Goal of the exercise => Please set down only the lines below starting with the line with "2018年2-9月中國鋼材各" and going on through the line with "این سینی مراکشی", verbatim and without pictures.

START Source data

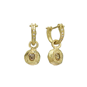 עגילי חישוק קטנים זהב 18 קראט עם תליון עגול
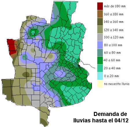 No obstante este favorable cambio, aún se mantienen zonas donde el perfil no se ha recuperado en su plenitud y justamente es allí donde la demanda se mantiene en niveles elevados. Para constatar los requerimientos hídricos podemos estimar cuanta lluvia sería necesaria para que una pastura alcance o mantenga niveles adecuados de reserva en el primer metro de suelo. El escenario resultante es una hipótesis de máxima demanda, la cual seguramente no es tan elevada para las siembras, sin embargo permite identificar sectores que potencialmente se encontrarían más vulnerables a deficiencias hídricas ante una oferta empobrecida o ante un pulso seco.
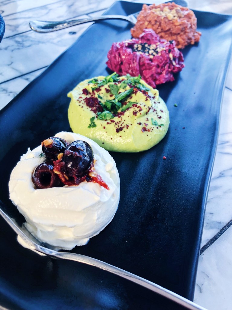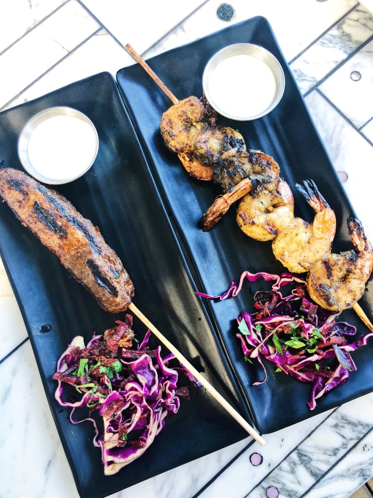 A few dishes I highly recommend (and keep in mind their menu does change with the season, so not everything will be available year-round since they use the freshest ingredients and what is in season!). I always get the mezze platter ($24) that comes with warm pita. This usually has their 4 dips – on my most recent visit there it had shamandar (coffee rubbed beets, tahini, yogurt and sesame); labneh (strained yogurt and eggplant torshi); green chickpea hummus (olive oil, sumac, and parsley); muhammara (red pepper paste, pomegranate molasses, walnut, and breadcrumbs). They were all delicious but if I could only choose one, it would be the muhammara hands done – but I love red bell peppers! I also recommend their kebabs – they have veggie ($13), shrimp ($15), chicken ($16) and lamb kefta ($20) which all come with garlic-tahini yogurt and seasonal slaw. The smoked halloumi cheese ($12) is also delicious and I highly recommend if you have never tried halloumi cheese.
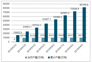 2018年2-9月中國鋼材各月當(dāng)月產(chǎn)量及累計(jì)產(chǎn)量走勢
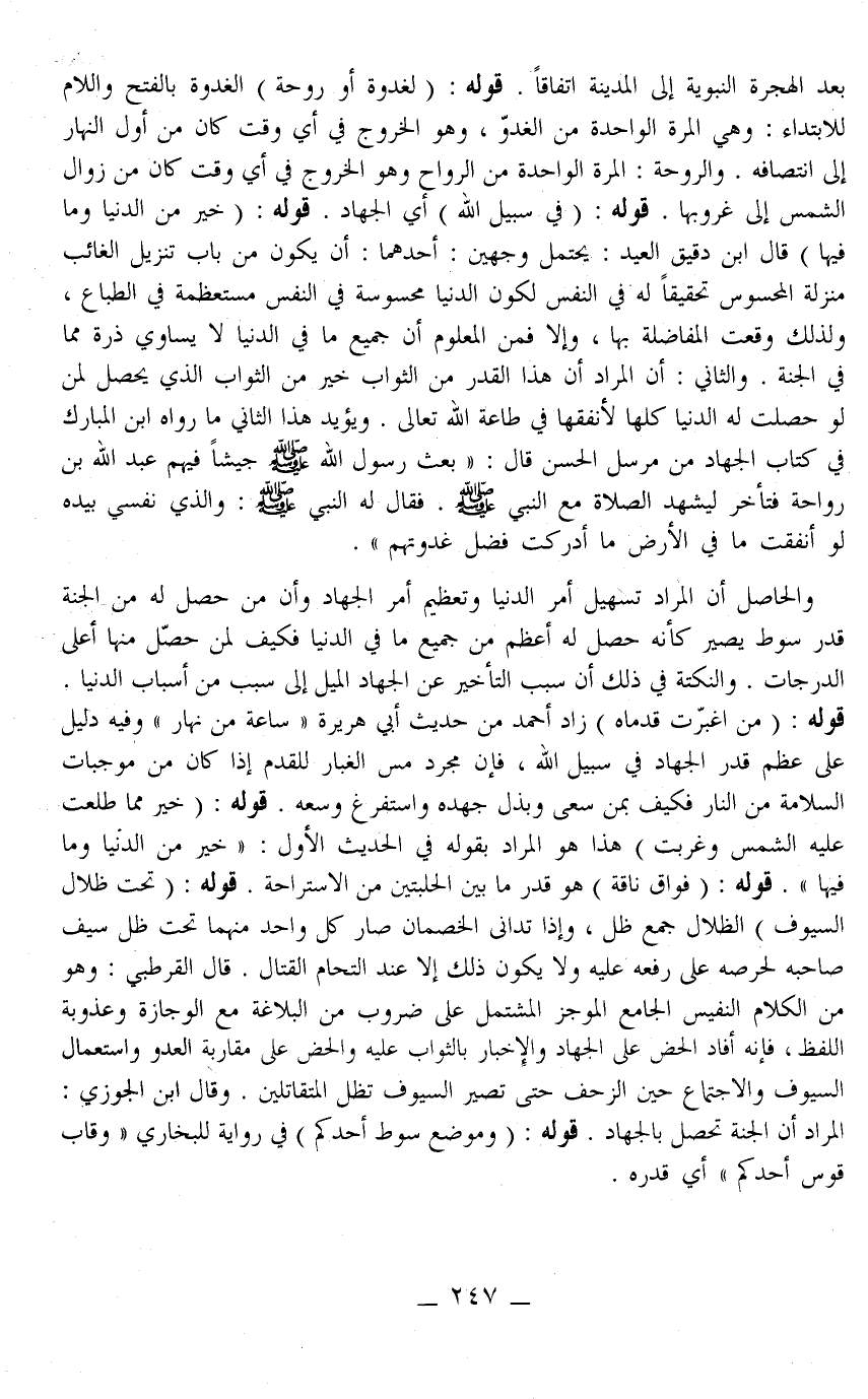 ـــــــــــــــــــــــــــــQبَعْدَ الْهِجْرَةِ النَّبَوِيَّةِ إلَى الْمَدِينَةِ اتِّفَاقًا. قَوْلُهُ: (لَغَدْوَةٌ أَوْ رَوْحَةٌ) الْغَدْوَةُ بِالْفَتْحِ، وَاللَّامُ لِلِابْتِدَاءِ: وَهِيَ الْمَرَّةُ الْوَاحِدَةُ مِنْ الْغُدُوِّ، وَهُوَ الْخُرُوجُ فِي أَيِّ وَقْتٍ كَانَ مِنْ أَوَّلِ النَّهَارِ إلَى انْتِصَافِهِ. وَالرَّوْحَةُ: الْمَرَّةُ الْوَاحِدَةُ مِنْ الرَّوَاحِ وَهُوَ الْخُرُوجُ فِي أَيِّ وَقْتٍ كَانَ مِنْ زَوَالِ الشَّمْسِ إلَى غُرُوبِهَا. قَوْلُهُ: (فِي سَبِيلِ اللَّهِ) أَيْ الْجِهَادِ. قَوْلُهُ: (خَيْرٌ مِنْ الدُّنْيَا وَمَا فِيهَا) قَالَ ابْنُ دَقِيقِ الْعِيدِ: يَحْتَمِلُ وَجْهَيْنِ: أَحَدُهُمَا: أَنْ يَكُونَ مِنْ بَابِ تَنْزِيلِ الْغَائِبِ مَنْزِلَةَ الْمَحْسُوسِ تَحْقِيقًا لَهُ فِي النَّفْسِ لِكَوْنِ الدُّنْيَا مَحْسُوسَةً فِي النَّفْسِ مُسْتَعْظَمَةً فِي الطِّبَاعِ، وَلِذَلِكَ وَقَعَتْ الْمُفَاضَلَةُ بِهَا، وَإِلَّا فَمِنْ الْمَعْلُومِ أَنَّ جَمِيعَ مَا فِي الدُّنْيَا لَا يُسَاوِي ذَرَّةً مِمَّا فِي الْجَنَّةِ. وَالثَّانِي: أَنَّ الْمُرَادَ أَنَّ هَذَا الْقَدْرَ مِنْ الثَّوَابِ خَيْرٌ مِنْ الثَّوَابِ الَّذِي يَحْصُلُ لِمَنْ لَوْ حَصَلَتْ لَهُ الدُّنْيَا كُلُّهَا لَأَنْفَقَهَا فِي طَاعَةِ اللَّهِ تَعَالَى. وَيُؤَيِّدُ هَذَا الثَّانِي مَا رَوَاهُ ابْنُ الْمُبَارَكِ فِي كِتَابِ الْجِهَادِ مِنْ مُرْسَلِ الْحَسَنِ قَالَ: «بَعَثَ رَسُولُ اللَّهِ - صَلَّى اللَّهُ عَلَيْهِ وَسَلَّمَ - جَيْشًا فِيهِمْ عَبْدُ اللَّهِ بْنُ رَوَاحَةَ فَتَأَخَّرَ لِيَشْهَدَ الصَّلَاةَ مَعَ النَّبِيِّ - صَلَّى اللَّهُ عَلَيْهِ وَسَلَّمَ -. فَقَالَ لَهُ النَّبِيُّ - صَلَّى اللَّهُ عَلَيْهِ وَسَلَّمَ -: وَاَلَّذِي نَفْسِي بِيَدِهِ لَوْ أَنْفَقْت مَا فِي الْأَرْضِ مَا أَدْرَكْت فَضْلَ غَدْوَتِهِمْ»
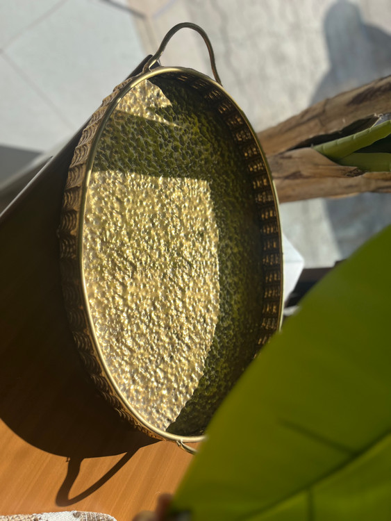 این سینی مراکشی در سبک فضا را از حالت کاملاً مدرن سرد خارج میکند و با بازتاب طلایی گرم، حس صمیمیت، هنر دستی و لوکس طبیعی ایجاد میکند — بهویژه وقتی روی سنگ مرمر کرم روشن با شمع یا لیموهای زرد پراکنده قرار گیرد، تداعیکنندهی ترکیب آفتاب مراکش و آرامش مدیترانهای است
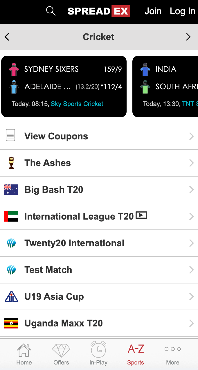 - Spread betting available on cricket
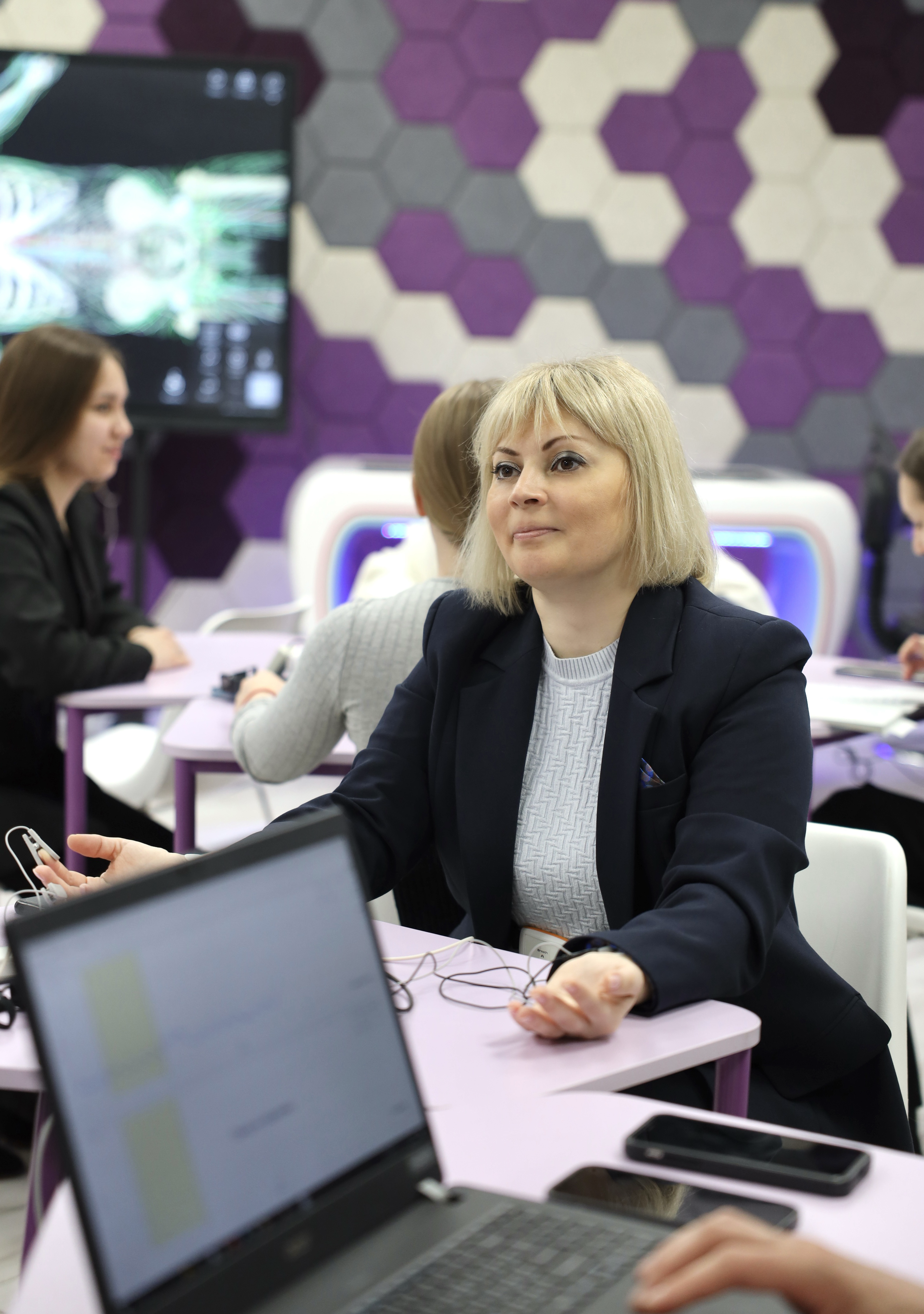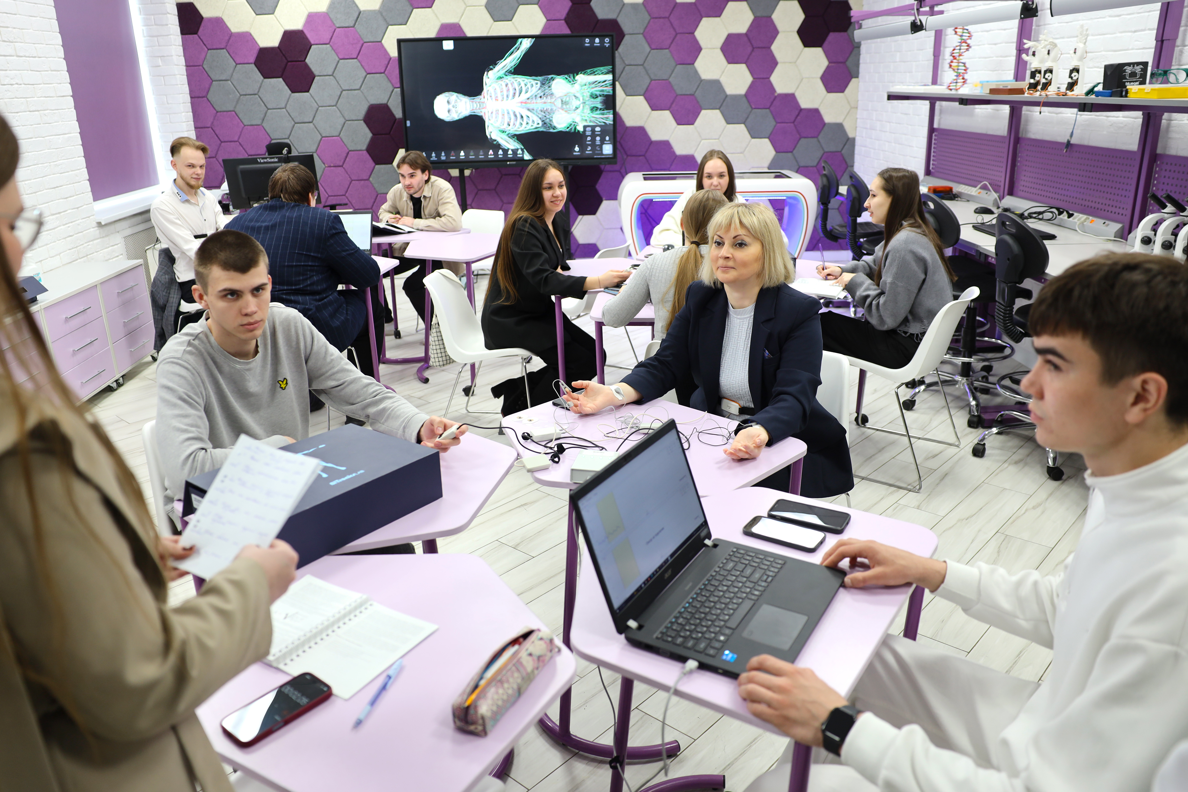 В Технопарке универсальных педагогических компетенций университета гости вместе со студентами приняли участие в опытно-экспериментальных работах по химии, физике и биологии. Обучающиеся показали, как функционируют роботизированные управляемые системы, собираются и программируются модели роботов, используются альтернативные источники энергии. Ольга Павловна протестировала на себе работу современного полиграфа.

END Source data

Exercise result =>
 2018年2-9月中國鋼材各月當(dāng)月產(chǎn)量及累計(jì)產(chǎn)量走勢
 ـــــــــــــــــــــــــــــQبَعْدَ الْهِجْرَةِ النَّبَوِيَّةِ إلَى الْمَدِينَةِ اتِّفَاقًا. قَوْلُهُ: (لَغَدْوَةٌ أَوْ رَوْحَةٌ) الْغَدْوَةُ بِالْفَتْحِ، وَاللَّامُ لِلِابْتِدَاءِ: وَهِيَ الْمَرَّةُ الْوَاحِدَةُ مِنْ الْغُدُوِّ، وَهُوَ الْخُرُوجُ فِي أَيِّ وَقْتٍ كَانَ مِنْ أَوَّلِ النَّهَارِ إلَى انْتِصَافِهِ. وَالرَّوْحَةُ: الْمَرَّةُ الْوَاحِدَةُ مِنْ الرَّوَاحِ وَهُوَ الْخُرُوجُ فِي أَيِّ وَقْتٍ كَانَ مِنْ زَوَالِ الشَّمْسِ إلَى غُرُوبِهَا. قَوْلُهُ: (فِي سَبِيلِ اللَّهِ) أَيْ الْجِهَادِ. قَوْلُهُ: (خَيْرٌ مِنْ الدُّنْيَا وَمَا فِيهَا) قَالَ ابْنُ دَقِيقِ الْعِيدِ: يَحْتَمِلُ وَجْهَيْنِ: أَحَدُهُمَا: أَنْ يَكُونَ مِنْ بَابِ تَنْزِيلِ الْغَائِبِ مَنْزِلَةَ الْمَحْسُوسِ تَحْقِيقًا لَهُ فِي النَّفْسِ لِكَوْنِ الدُّنْيَا مَحْسُوسَةً فِي النَّفْسِ مُسْتَعْظَمَةً فِي الطِّبَاعِ، وَلِذَلِكَ وَقَعَتْ الْمُفَاضَلَةُ بِهَا، وَإِلَّا فَمِنْ الْمَعْلُومِ أَنَّ جَمِيعَ مَا فِي الدُّنْيَا لَا يُسَاوِي ذَرَّةً مِمَّا فِي الْجَنَّةِ. وَالثَّانِي: أَنَّ الْمُرَادَ أَنَّ هَذَا الْقَدْرَ مِنْ الثَّوَابِ خَيْرٌ مِنْ الثَّوَابِ الَّذِي يَحْصُلُ لِمَنْ لَوْ حَصَلَتْ لَهُ الدُّنْيَا كُلُّهَا لَأَنْفَقَهَا فِي طَاعَةِ اللَّهِ تَعَالَى. وَيُؤَيِّدُ هَذَا الثَّانِي مَا رَوَاهُ ابْنُ الْمُبَارَكِ فِي كِتَابِ الْجِهَادِ مِنْ مُرْسَلِ الْحَسَنِ قَالَ: «بَعَثَ رَسُولُ اللَّهِ - صَلَّى اللَّهُ عَلَيْهِ وَسَلَّمَ - جَيْشًا فِيهِمْ عَبْدُ اللَّهِ بْنُ رَوَاحَةَ فَتَأَخَّرَ لِيَشْهَدَ الصَّلَاةَ مَعَ النَّبِيِّ - صَلَّى اللَّهُ عَلَيْهِ وَسَلَّمَ -. فَقَالَ لَهُ النَّبِيُّ - صَلَّى اللَّهُ عَلَيْهِ وَسَلَّمَ -: وَاَلَّذِي نَفْسِي بِيَدِهِ لَوْ أَنْفَقْت مَا فِي الْأَرْضِ مَا أَدْرَكْت فَضْلَ غَدْوَتِهِمْ»
 این سینی مراکشی در سبک فضا را از حالت کاملاً مدرن سرد خارج میکند و با بازتاب طلایی گرم، حس صمیمیت، هنر دستی و لوکس طبیعی ایجاد میکند — بهویژه وقتی روی سنگ مرمر کرم روشن با شمع یا لیموهای زرد پراکنده قرار گیرد، تداعیکنندهی ترکیب آفتاب مراکش و آرامش مدیترانهای است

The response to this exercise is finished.